If you revisit the fondest memories of you both together, it will help you both look towards the brighter side of the relationship i.e the love you happiness you both used to share and can share once again, with efforts.
Benefits of extra-marital affairs can help you to recreate memories because now you realize that no one is perfect and you must satisfy with your love life.
How Benefits of extra-marital affairs can save your love life conclusion
Now you must have some idea about this question. Can a married woman live with another man legally? As the Court held that a live-in relationship comes within the ambit of the right to life enshrined under Article 21 of the Constitution of India.
The Court further held that live-in relationships are permissible and that the act of two adults living together, in any case, cannot be considered illegal or unlawful.
Most people also ask about Are extra-marital affairs legal in India? While speaking at a programme recently, I was startled by a statement made by one of the participants who said that the law itself has sanctioned extra-marital affairs.
The person was obviously hinting at the recent Supreme Court judgment decriminalising adultery. The popular perception regarding the historic judgment was disturbing.
It is unfortunate that the decision has been misunderstood grossly. Now in India official colleague also look some Benefits of extra-marital affairs.
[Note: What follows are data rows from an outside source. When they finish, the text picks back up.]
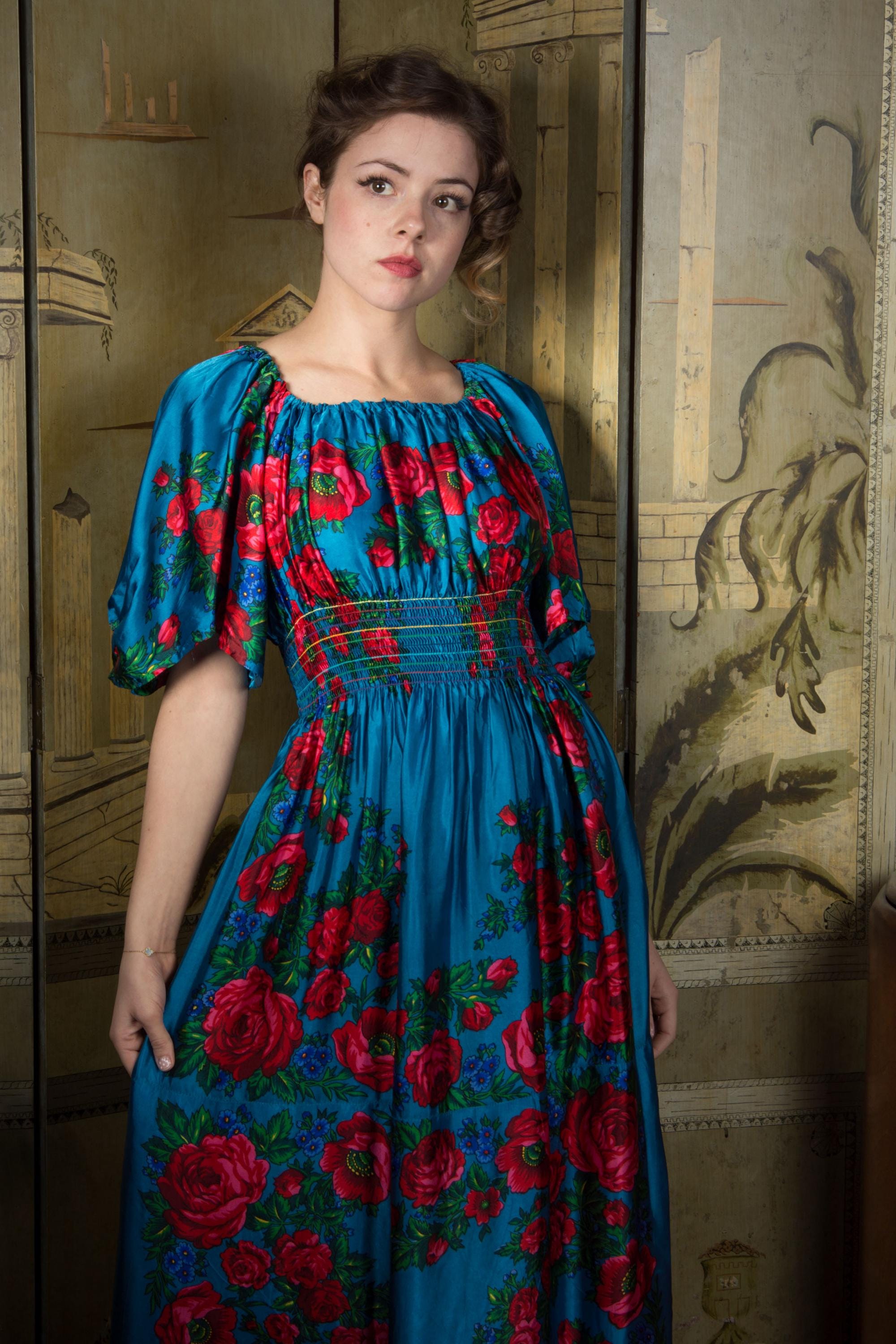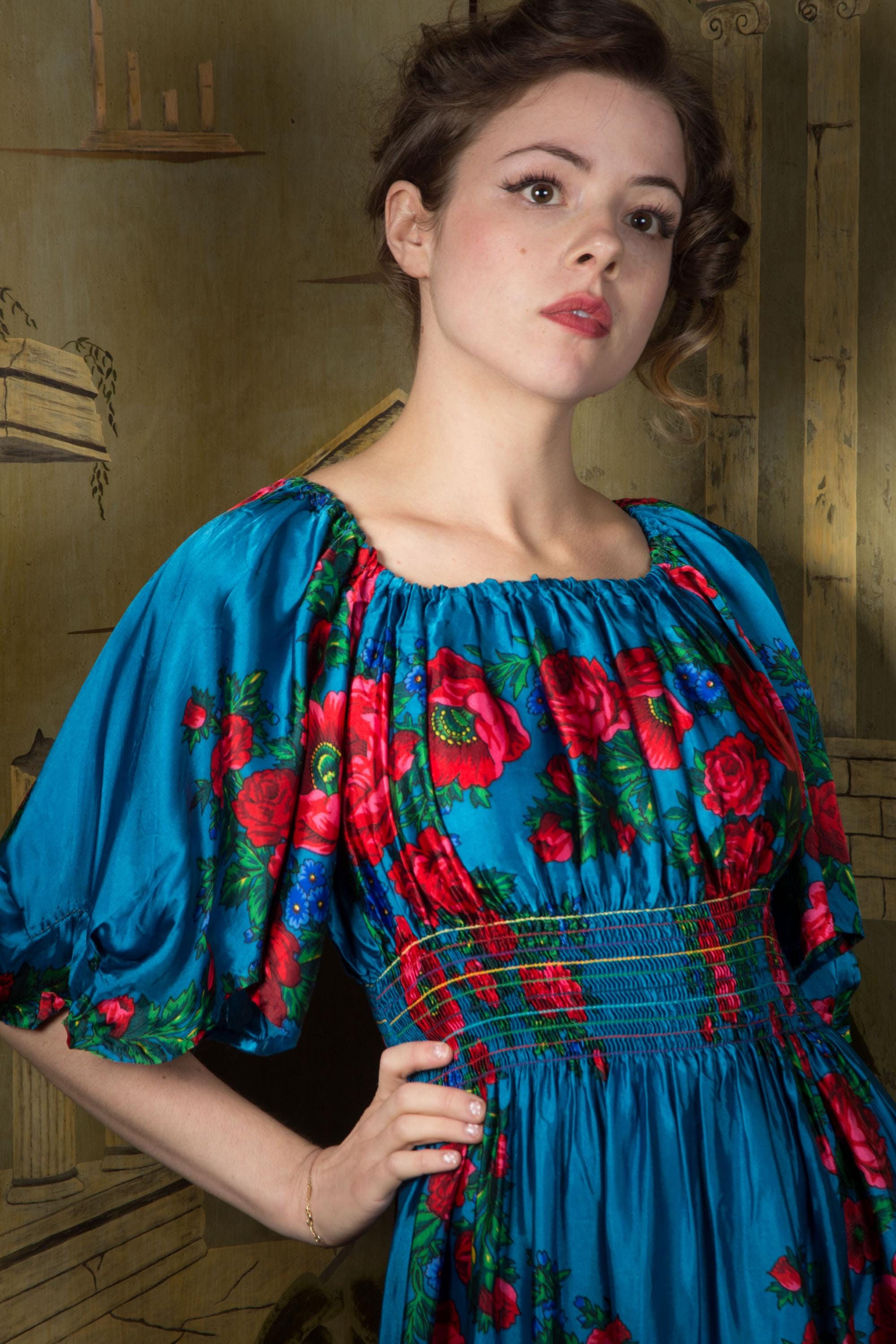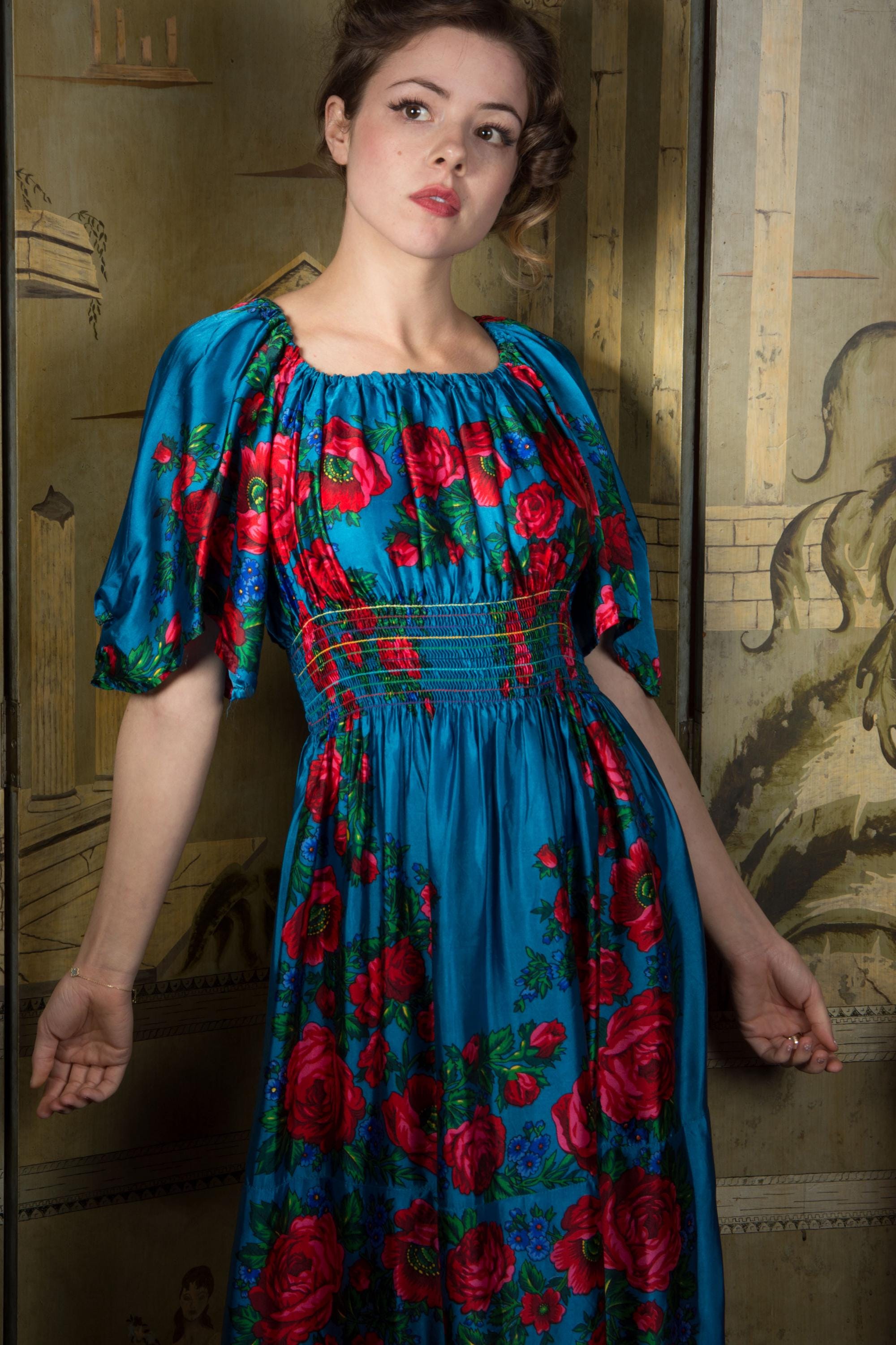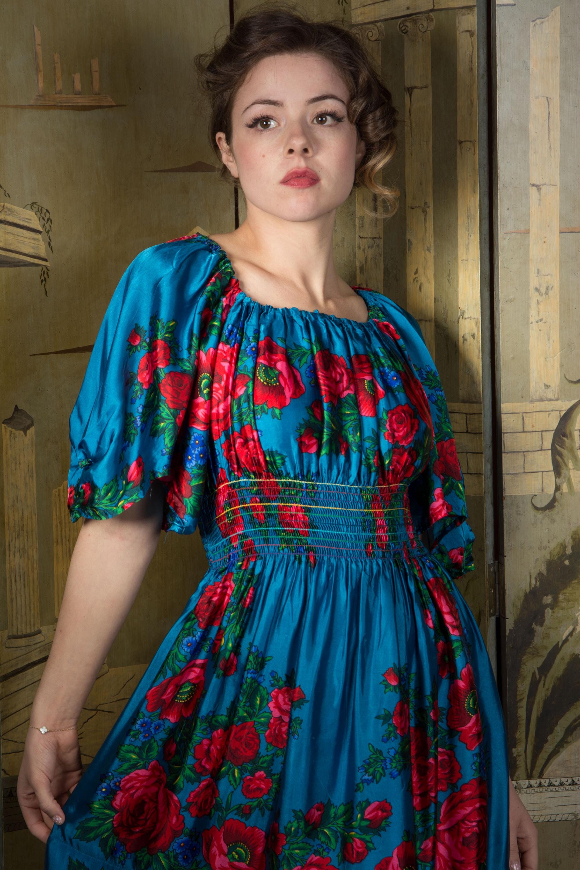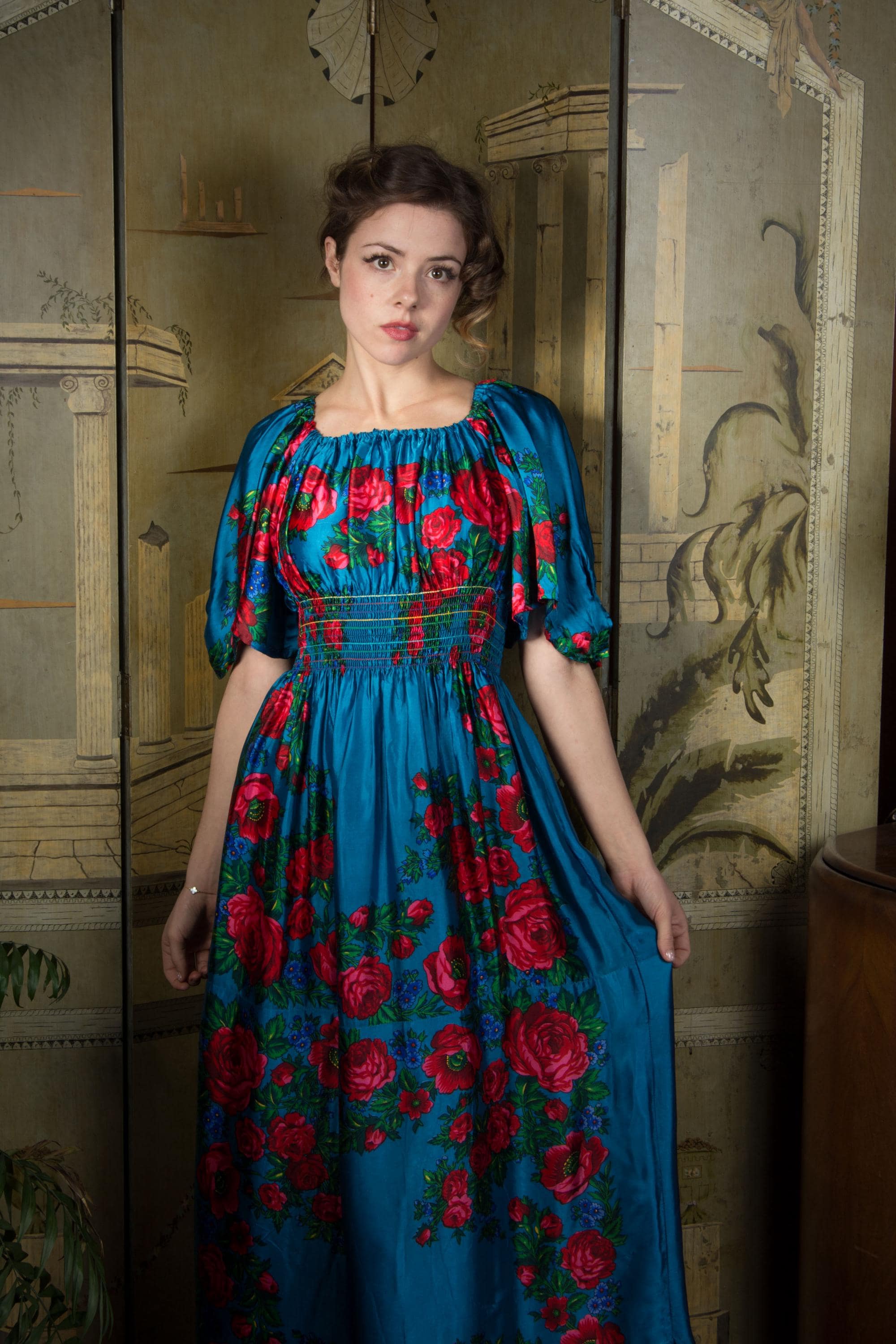 A fantastic satin scarf dress, genuinely homemade from matching large, floral scarves in the 1970s. These were likely purchased as souvenirs from Mexico, and then made into a dress upon returning home, or made by a vendor. This uses at least five and as many as 7 scarves. The satin is heavy and sleek - it tests as rayon. The ground is a brilliant blue, filled with a print of bold red and pink roses with richy green leaves, then accents of yellow and deeper blue forget me nots. The waist is snuggly shirred with elastic, and quite flexible. I love the handkerchief cut of the sleeves.
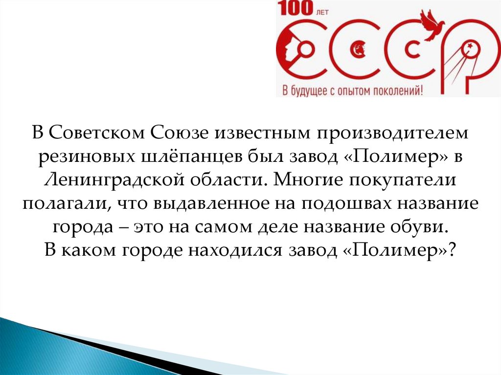 В Советском Союзе известным производителемрезиновых шлёпанцев был завод «Полимер» в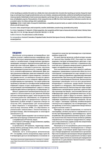Результаты. Наноэлементы делят на органические, неорганические и гибридные. Одной из наиболее изученных неорганических наноструктур являются наночастицы металлов. Они находят широкое применение как в инженерии, так и в биомедицине (ветеринарии) в качестве бактерицидного и вирулицидного агента, средств для борьбы с раком, а также в сфере диагностики. На территории СНГ популярными нанометаллами являются наночастицы серебра. Известно, что на антибактериальную активность нанообъектов влияют их форма, размер и поверхностный заряд. Сейчас на фармацевтическом рынке существует несколько видов препаратов серебра, представленные в различных формах: коллоидное (катионное), кластерное и нульвалентное (металлическое) серебро. Препараты нульвалентного серебра наименее токсичные по сравнению с остальными. Лекарства на основе наноразмерных частиц можно вводить оральным, ингаляционным и дермальным способами, а также непосредственно в системный кровоток посредством внутрибрюшинной или внутривенной инъекции. Биораспределение металлических наноструктур зависит от типа частиц, их размера, поверхностного заряда, поверхностного покрытия, связи с белками, а также от путей воздействия, дозы и гидрофобности. Фармакокинетика наночастиц серебра не отличается от распределения наночастиц металлов, при этом наноразмерное серебро способно накапливаться в селезенке, печени, почках и легких, что может вызывать потенциальный токсический эффект.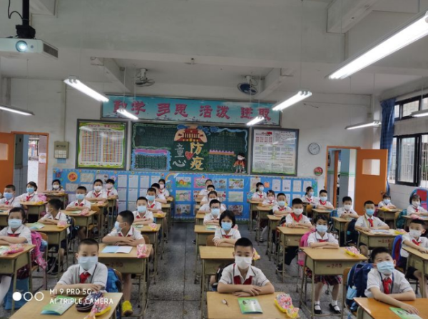復學第一天的課程以“防疫、健康、愛國”為主題。上午,班主任老師首先開展了“防疫衛生一日常規教育”,落實每一項在校防疫細則;接著觀看了市教體局錄制的“天使歸來,英雄開講”的復學第一課,疫情阻擊戰中涌現出的英雄,為孩子們樹立了奮斗的榜樣,也是孩子們應該學習的楷模。下午,以“凝聚磅礴力量,攜手抗擊疫情”“你笑起來真好看”“防疫知識大比拼”為專題的心理健康教育,讓孩子們樹立積極的生活態度,對自己未來的學習、生活充滿信心。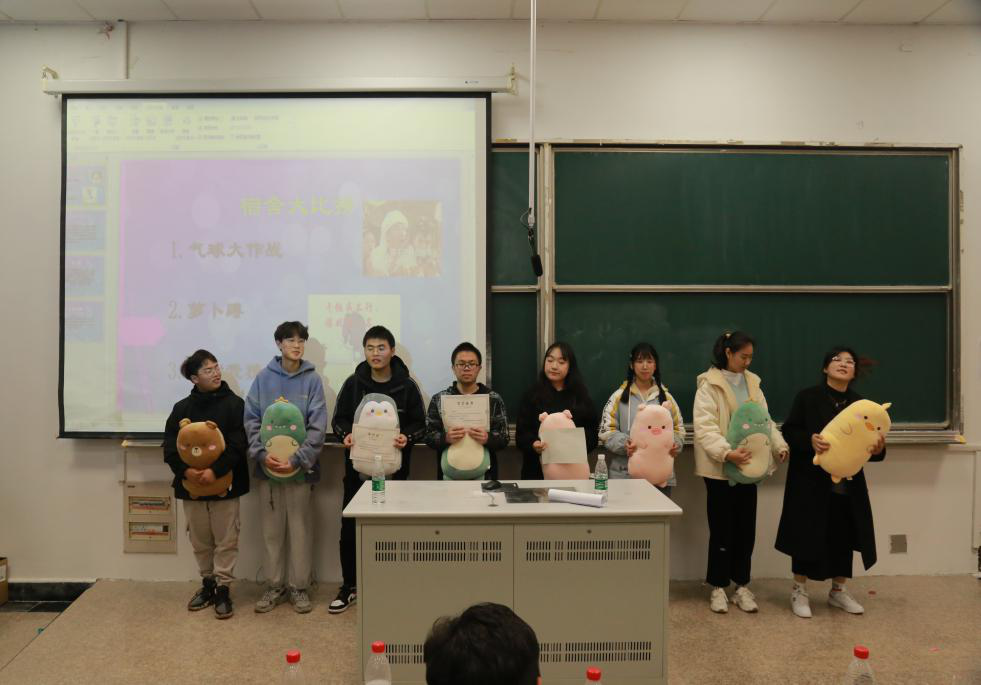 同学们发挥自身想象,围绕学习生活和宿舍文化,展示了温馨的宿舍环境和积极向上的精神风貌。经过15天的准备,12月5日,在J9-101和102教室,各参赛宿舍代表充分展示设计成果,同学们纷纷发言,向评委讲述宿舍独特的装扮方式与设计理念,展示不一样的青春色彩。中场“接龙”环节,团队合作小游戏迅速点燃了现场同学的热情。同学们通过气球大作战、你划我猜等考验默契的游戏,相互配合,让室友之间更加熟悉,亲密感和默契度进一步提升。最后,同学们积极发言,表达了通过宿舍设计带来的感悟。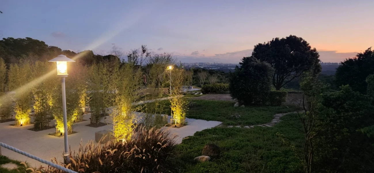 觀龍陵・花園仙境,位於緩坡之上,經專業整地後,園區形成少見的平面式基地,視野開闊、步道穩定。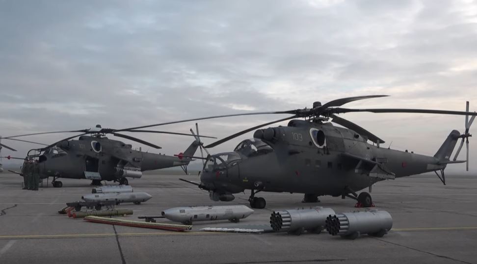 El presidente de Serbia pasa revista a los Mi-35M, H-145M y Mi-17 recientemente adquiridos.

Law does not and cannot authorize extramarital relations.
What needs to be understood here is that morality and legality are two different things. What the society considers as immoral is not necessarily punishable by the state.
Adultery is a gender-neutral term and the act of adultery can be committed by both men as well as women. Even otherwise it takes two to tango, so why the liability should be fixed on only one.